“From a fundamental point of view, the question sounds like this: did anything like this happen before?” Says Adam Frank, professor of physics and astronomy at the University of Rochester. “And it is highly probable that our time and place is not the only one where developed civilizations have appeared.”
“The question of whether there are developed civilizations in other parts of the universe has always been intertwined with three unknowns in Drake’s equation,” Frank says. “We have known for a long time how many stars there are. We do not know how many of these stars have planets that can support life, how often life can appear and lead to the emergence of intelligent beings and how long civilization can last before disappearing. ”
“We do not even know if a high-tech civilization can survive for more than a few centuries.”
“Our findings suggest that our biological and cultural evolution was not unique and probably happened many times before. Other examples probably include a number of energy-intensive civilizations that have faced a crisis on their planet as they develop. This means that we can begin to explore the problem using simulations to understand what leads to long-lived civilizations and what does not. ”
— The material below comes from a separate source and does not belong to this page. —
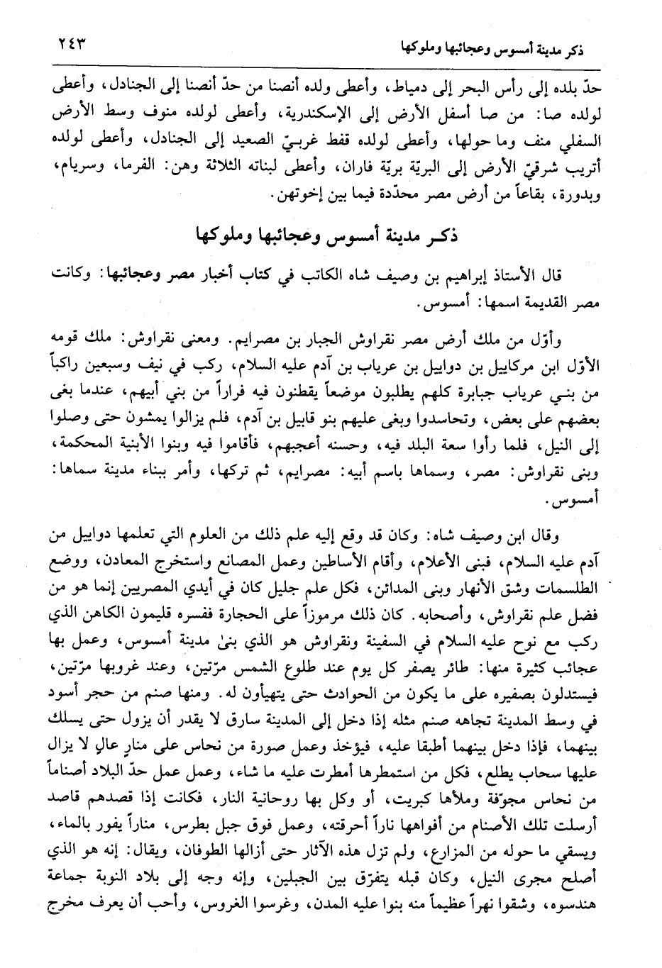 وقال ابن وصيف شاه: وكان قد وقع إليه علم ذلك من العلوم التي تعلمها دواييل من آدم عليه السلام، فبنى الأعلام، وأقام الأساطين وعمل المصانع واستخرج المعادن، ووضع الطلسمات وشق الأنهار وبنى المدائن، فكل علم جليل كان في أيدي المصريين إنما هو من فضل علم نقراوش، وأصحابه. كان ذلك مرموزا على الحجارة ففسره قليمون الكاهن الذي ركب مع نوح عليه السلام في السفينة ونقراوش هو الذي بنى مدينة أمسوس، وعمل بها عجائب كثيرة منها: طائر يصفر كل يوم عند طلوع الشمس مرّتين، وعند غروبها مرّتين، فيستدلون بصفيره على ما يكون من الحوادث حتى يتهيأون له. ومنها صنم من حجر أسود في وسط المدينة تجاهه صنم مثله إذا دخل إلى المدينة سارق لا يقدر أن يزول حتى يسلك بينهما، فإذا دخل بينهما أطبقا عليه، فيؤخذ وعمل صورة من نحاس على منار عال لا يزال عليها سحاب يطلع، فكل من استمطرها أمطرت عليه ما شاء، وعمل عمل حدّ البلاد أصناما من نحاس مجوّفة وملأها كبريت، أو وكل بها روحانية النار، فكانت إذا قصدهم قاصد أرسلت تلك الأصنام من أفواهها نارا أحرقته، وعمل فوق جبل بطرس، منارا يفور بالماء، ويسقي ما حوله من المزارع، ولم تزل هذه الآثار حتى أزالها الطوفان، ويقال: إنه هو الذي أصلح مجرى النيل، وكان قبله يتفرّق بين الجبلين، وإنه وجه إلى بلاد النوبة جماعة هندسوه، وشقوا نهرا عظيما منه بنوا عليه المدن، وغرسوا الغروس، وأحب أن يعرف مخرج

A new study shows that the recent discoveries of exoplanets in combination with an active study of this issue make it possible to assign almost empirical certainty to the existence of technological civilizations. In short, they should have existed. And unless the chances of developing a developed life are incredibly low, the human race will not exactly be the first technological or advanced civilization.
In 2016, in a paper published in Astrobiology, scientists first showed what “pessimism” or “optimism” means in assessing the likelihood of developing extraterrestrial life.
“Thanks to NASA’s Kepler satellite and other searches, we now know that about every fifth star has planets in a” potentially habitable zone “in which temperatures can sustain a life we know. Thus, one of the three great uncertainties has acquired limitations. ”
Thanks to new results from Frank and Woodruff Sullivan (from the University of Washington), scientists can arm themselves with everything they know about planets and climate to begin modeling interactions of energy-intensive species with their home world, suggesting that a large sample of such cases already existed in space.
Frank says that Drake’s third big question – how long civilization can survive – remains unanswered at all. “The fact that people had primitive technology for about ten thousand years does not tell us anything about how many other societies our lives can live,” he explains.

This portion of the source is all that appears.